The field of large language models (LLMs) is moving towards improving safety and robustness. Researchers are exploring various approaches to prevent harmful outputs, including modular prompting frameworks, adversarial robustness techniques, and collective prompting governance. These innovations aim to enhance the reliability and trustworthiness of LLMs in real-world applications.
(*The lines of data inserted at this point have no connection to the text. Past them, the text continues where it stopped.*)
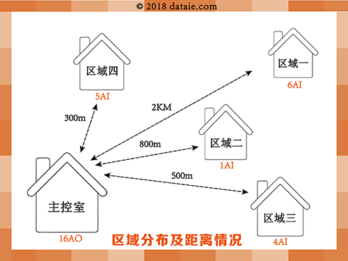 每個區域距離主控室的直線距離及傳輸信號路數如下圖所示 ▼
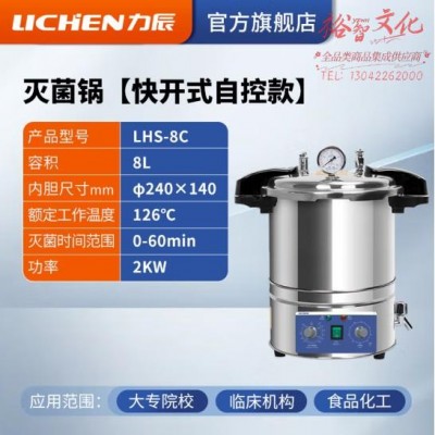 首页 > 仪器仪表 > 样品前处理及制备仪器 > 力辰科技 手提式不锈钢灭菌锅实验室消毒用高压高温蒸汽消毒灭菌锅消杀器械 快开式LHS-8C(zhyghf_221716403)SKU:yzwhyp892203
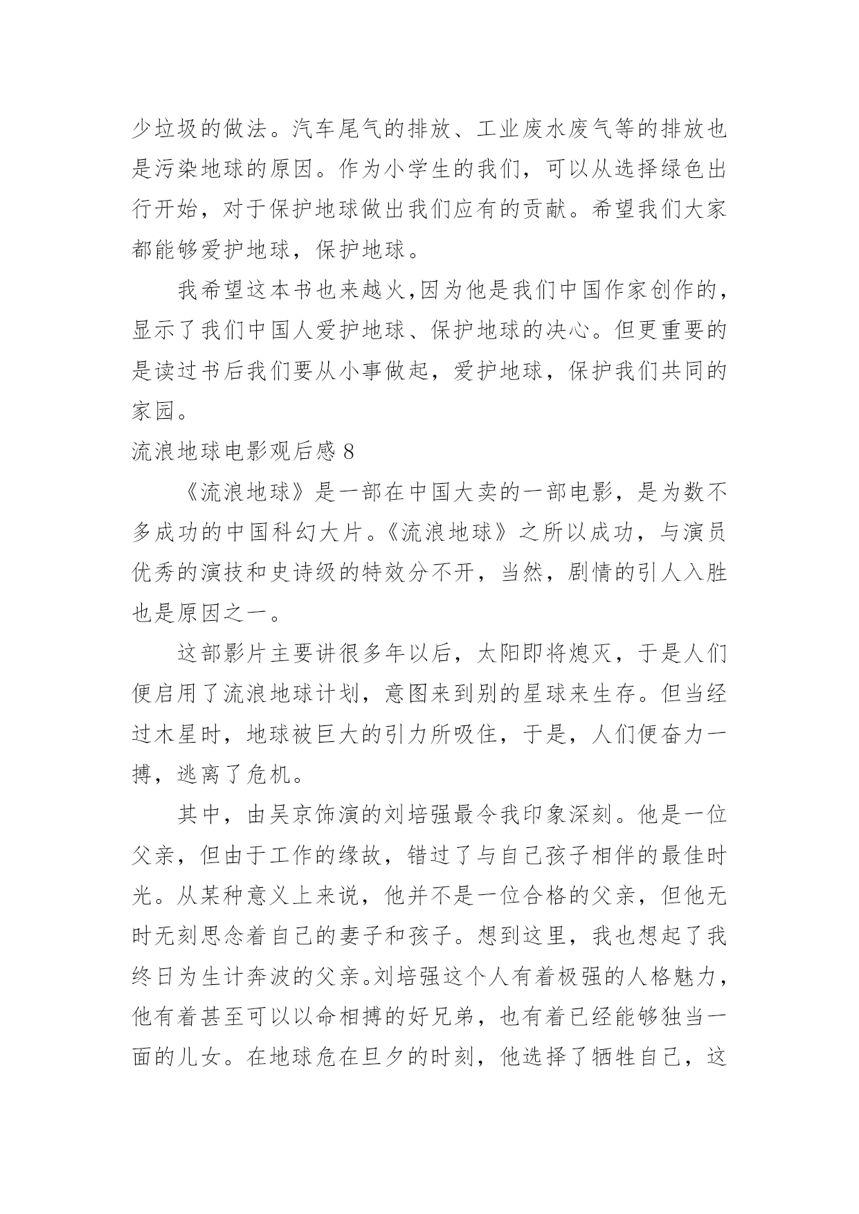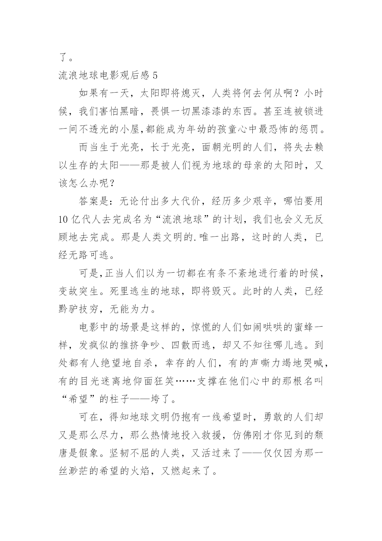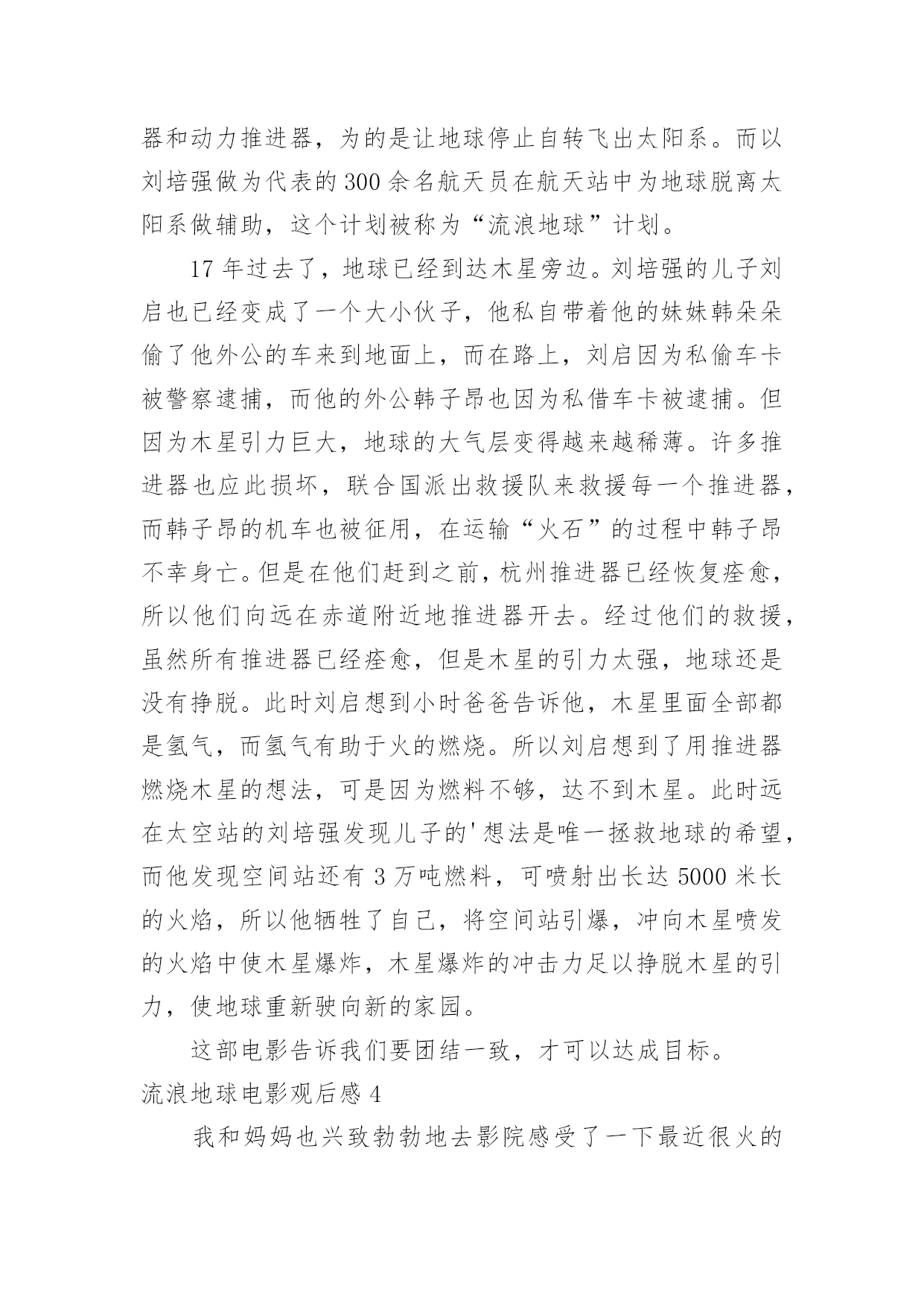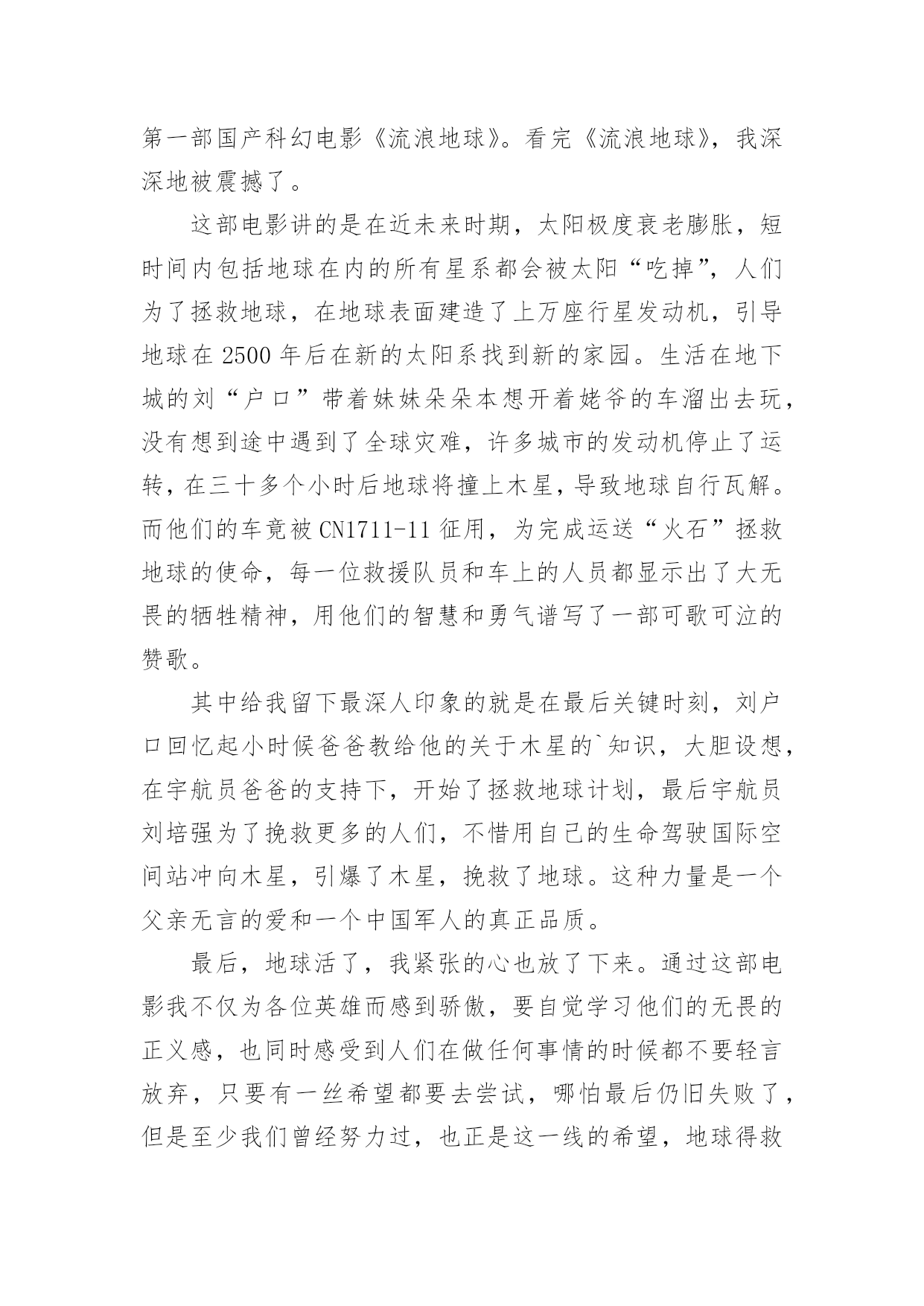 流浪地球电影观后感流浪地球电影观后感(精选15篇)当观看完一部影视作品后,相信大家的收获肯定不少吧,这时候,最关键的观后感怎么能落下!想必许多人都在为如何写好观后感而烦恼吧,下面是小编为大家整理的流浪地球电影观后感,欢迎大家借鉴与参考,希望对大家有所帮助。流浪地球电影观后感1在读过刘慈欣的《流浪地球》后,我就被深深吸引了进去,他通过平凡的方式写出了不凡的科幻!《流浪地球》以丰富的想象贯穿全文——20年前,地球航出了冥王星轨道,航出了太阳系,在寒冷的外太空继续着它孤独的逃亡生涯……读到这里,让我不禁佩服起作者刘慈欣,佩服起他对宇宙的认知,他真是把科幻描绘的像真的'一样;通过他的想象,他发明了地球发动机,它的威力非常大,可以照亮北半球,当在太阳爆炸的时刻地球发动机能够帮助人类逃亡太阳系,逃到其它恒星上寻找可生存的地方。“地球派”和“飞船派”是两队死对头。这些“角色”在情节中不断闪现,而就是这些“角色”为文章增添了许多色彩。人就要有丰富的想象,想像是成功的一半,只有美好的遐想是不行的,只有通过我们的努力才能得以实现,才能够驶向成功的彼岸!也许在实现理想的道路上,难免有崎岖和坎坷,但只要有打不垮的信念,希望之光就会驱散绝望之云!作者用丰富的想象,写出了我们不保护地球的严重后果,虽有地球发动机给予我们的帮助,但它也需要资源{各种山体},如果地球真的灭亡了,那我们就要坐着超音数速汽车到别的星球生存,爱护地球,别让他离我们而去!这本书的作者刘慈欣简直把科幻描写得神乎其神,他把我们的现实生活和宇宙紧紧相接在了一起,表面上看起来不足为奇,可慢慢的品尝,才能尝出真正的味道。读完这本书的时候,就感觉到科幻原来由许多不同形式。如——塑造写地球上不可出现的人或生命体,如通过写我们的生活联系到不可思议的事……它让我认识到了真正的科幻,也让我对科幻燃起了浓厚的兴趣!流浪地球电影观后感2最近,我看了一本让我非常有感触的书,这本书叫做《流浪地球》。《流浪地球》就是大刘的短篇科幻作品合集,但是不要因为短篇而小看它,大刘雄浑的想象力在短篇里一样展现的淋漓尽致。全书8个故事,当中有关联的有两个,虽然它们因为篇幅和架构的原因,比不上三体的气势磅礴,但是短小有短小的好处,很多时候它留下了更多的想象空间,后味反而更浓。以书中我最喜欢的《乡村教师》为例,小说开篇非同寻常,你不会以为这是一个科幻小说,你肯定会以为这是一个现实小说,反映在穷乡僻壤的地区的教育问题,我们看到了熟悉的可敬老师,看到了熟悉的愚昧村民,要不是这本书明明确确的就是大刘署名,我真的怀疑我是不是拿错了——当然,从一半开始,风转急下的剧情突然让人了解了大刘这样安排的用心,从科学的角度讲,人类绝不是什么进化完美的生物,但是人类的发展动力,人类传承的制度虽然低效,但是却是可敬的,如果没有乡村教师最后的坚持,也许文明都会自此消失,这种戏剧的安排,其实很有意思,让紧张感保持到了最后一刻。同时,这部作品又是反映现实的,它不仅反映了人性,也反映了一些大刘关注的现实,大刘的'作品不同于其它作品的最大差别,就是大刘不是信马由缰的想象乱飞,大刘的作品一定是以现实和人性为基础的幻想,幻想可以满天飞,但是没有基础的沉积,那样的作品并不会打动人,也自然不会引起人们的思考和共鸣。我想这正应了一句话,艺术来源于生活,又高于生活。大刘的科幻作品很好的体现了这一点。看了《流浪地球》,我有了太多的感悟了。流浪地球电影观后感3在20xx年春节期间,一部轰动全国的科幻电影,《流浪地球》在各大影视城上映。赶上这波热潮,我也去看了这部电影。这部电影主要讲了科学家们发现太阳在不断膨胀,100年后太阳会吞并地球。而正在急剧下降的天气是人类被迫建造地下城而做暂时的保护。科学家们制造出无数台转向推进器和动力推进器,为的是让地球停止自转飞出太阳系。而以刘培强做为代表的300余名航天员在航天站中为地球脱离太阳系做辅助,这个计划被称为“流浪地球”计划。17年过去了,地球已经到达木星旁边。刘培强的儿子刘启也已经变成了一个大小伙子,他私自带着他的妹妹韩朵朵偷了他外公的车来到地面上,而在路上,刘启因为私偷车卡被警察逮捕,而他的外公韩子昂也因为私借车卡被逮捕。但因为木星引力巨大,地球的大气层变得越来越稀薄。许多推进器也应此损坏,联合国派出救援队来救援每一个推进器,而韩子昂的机车也被征用,在运输“火石”的过程中韩子昂不幸身亡。但是在他们赶到之前,杭州推进器已经恢复痊愈,所以他们向远在赤道附近地推进器开去。经过他们的救援,虽然所有推进器已经痊愈,但是木星的引力太强,地球还是没有挣脱。此时刘启想到小时爸爸告诉他,木星里面全部都是氢气,而氢气有助于火的燃烧。所以刘启想到了用推进器燃烧木星的想法,可是因为燃料不够,达不到木星。此时远在太空站的刘培强发现儿子的'想法是唯一拯救地球的
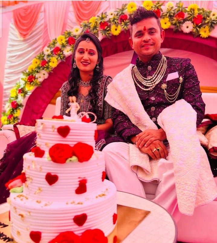 નીતિન જાની આ તસવીરમાં ફોટામાં ત્રણ લેયર માં સગાઇ ની કેક જોવા મળી રહી છે
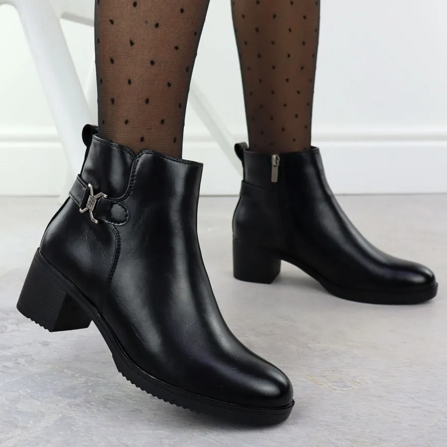 Skórzane botki damskie na klocku czarne T.Sokolski Z25-218
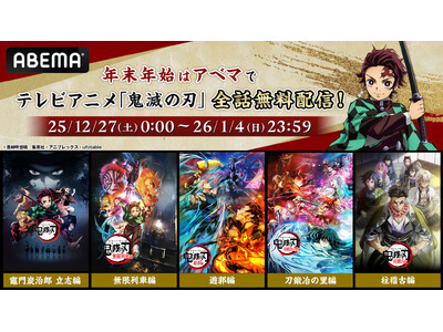 新しい未来のテレビ「ABEMA」は、テレビアニメ「鬼滅の刃」の全話を、2025年12月27日(土)から2026年1月4日(日)までの9日間にわたり、全話無料一挙配信いたします。
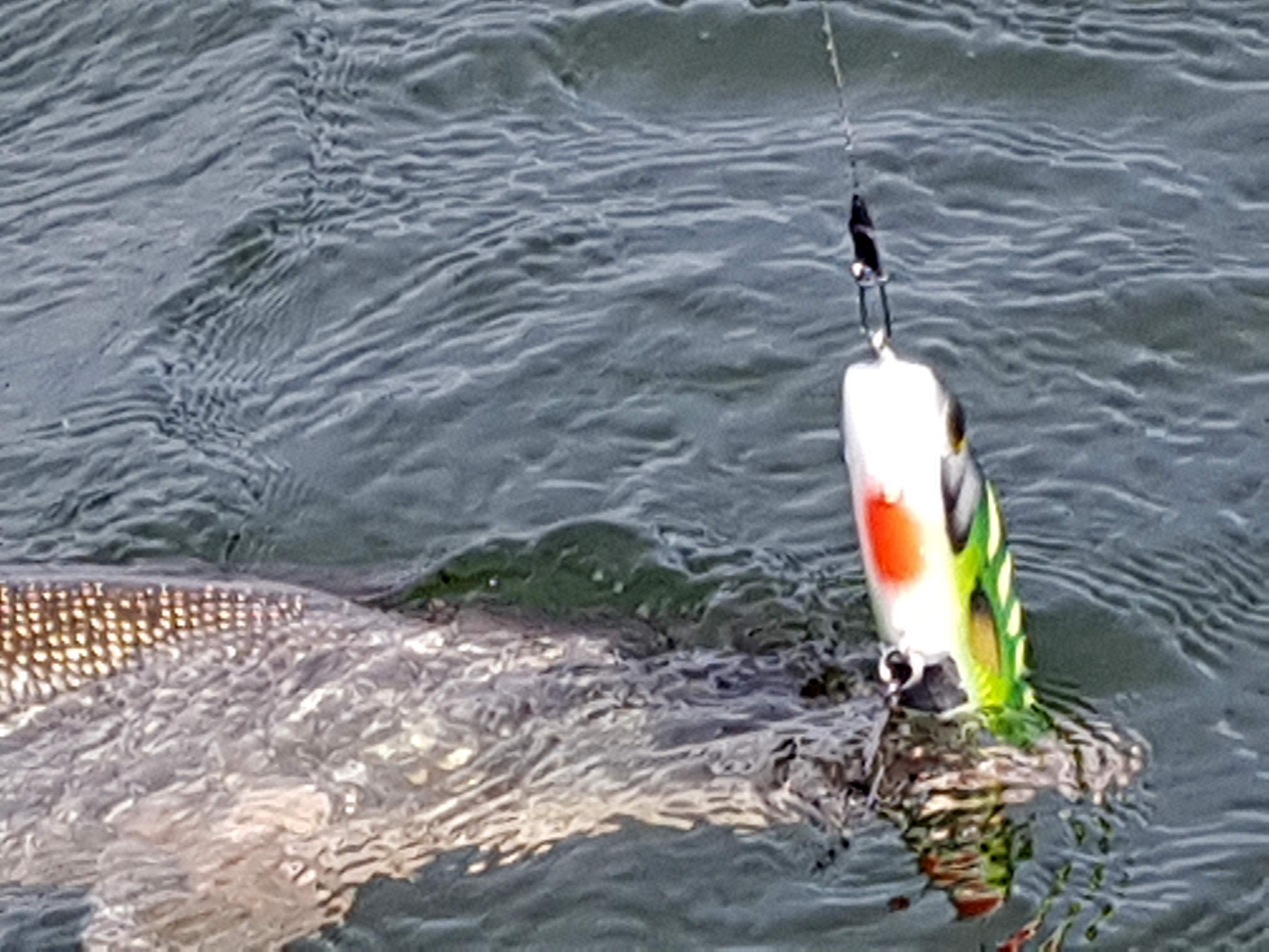 Половил и на дайверы... не думал что получу такое удовольствие ! В условиях прозрачности иной раз было видно как его атакует щука, очень полезно было и не забываемо драйвово. Тем самым вывел проводку на которой рыба била приманку наверняка, а не просто сопровождала не зная как ее ухватить. Ловля была в среднем 5-6м. По соревновались Salamander 180 Paddle Tail и Salamander 180 Fins Tail. Подгружал их 10гр но один перед петлей первого крючка, другой за ней. Это давало разное заглубление, первый загонял до двух метров, второй шел метр может чуть больше. Что интересно дайвер с Paddle хвостом хоть и шел выше, но щуку привлекал чуть лучше.
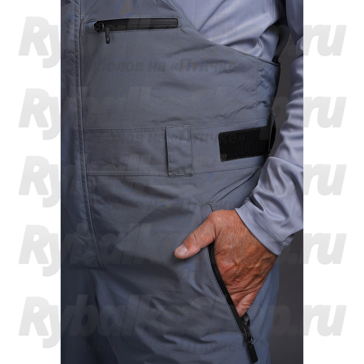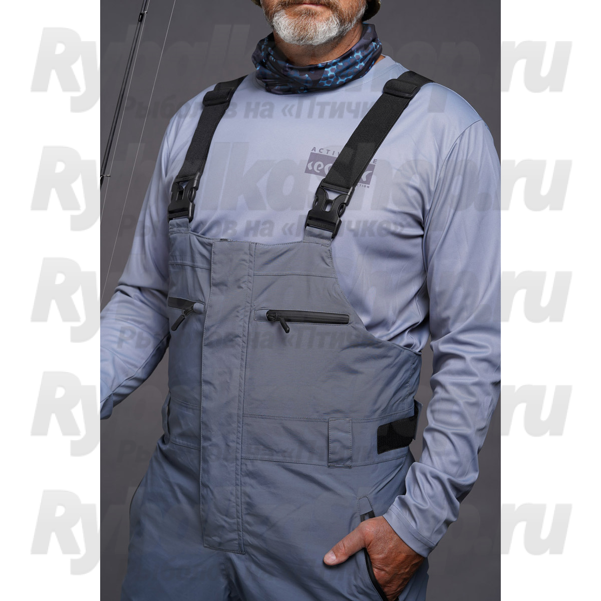 Полукомбинезон. Легкий, теплый, высокий абсолютно непромокаемый полукомбинезон из надежной мембранной ткани. Высокая спинка надежно защищает поясницу и часть спины от холода и ветра. Удобные широкие бретели, регулируются по длине. Размер по талии можно изменить с помощью хлястиков на липучке, расположенных на поясе комбинезона. Анатомический крой полукомбинезона абсолютно не стесняет движений. Малошуршащий материал. Рекомендован охотникам.
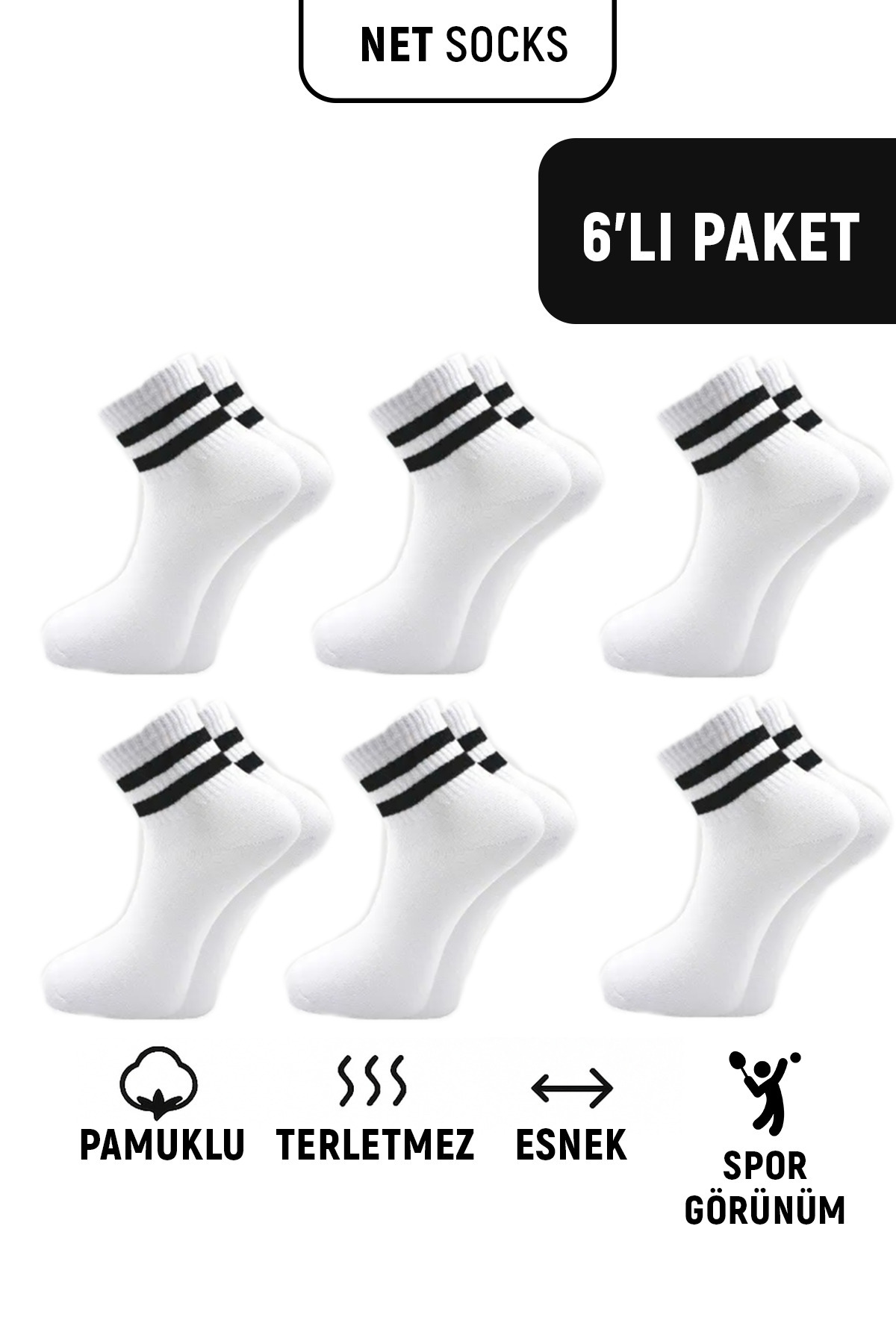 4lü Beyaz Siyah Çizgili Düz Karışık Tenis Çorap - Unisex 4lü Beyaz Siyah Çizgili Düz Karışık Tenis Çorap - Unisex SOCKNGN005 37-44
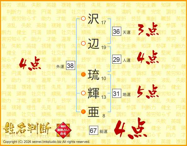 沢(17画)辺(19画) 琉(10画)輝(13画)亜(8画)

Noteworthy papers in this area include: PromptGuard, which introduces a novel prompting framework for preventing harmful information generation. CIARD, which proposes a cyclic iterative adversarial robustness distillation method for improving model robustness. MUSE, which presents a comprehensive framework for tackling multi-turn jailbreaks in LLMs. DeepRefusal, which introduces a robust safety alignment framework that probabilistically ablates refusal direction to defend against adversarial attacks.

Sources

PromptGuard: An Orchestrated Prompting Framework for Principled Synthetic Text Generation for Vulnerable Populations using LLMs with Enhanced Safety, Fairness, and Controllability

Adversarial robustness through Lipschitz-Guided Stochastic Depth in Neural Networks

Prompt Commons: Collective Prompting as Governance for Urban AI

CIARD: Cyclic Iterative Adversarial Robustness Distillation

Defense-to-Attack: Bypassing Weak Defenses Enables Stronger Jailbreaks in Vision-Language Models

Jailbreaking Large Language Models Through Content Concretization

A Simple and Efficient Jailbreak Method Exploiting LLMs' Helpfulness

LLM Jailbreak Detection for (Almost) Free!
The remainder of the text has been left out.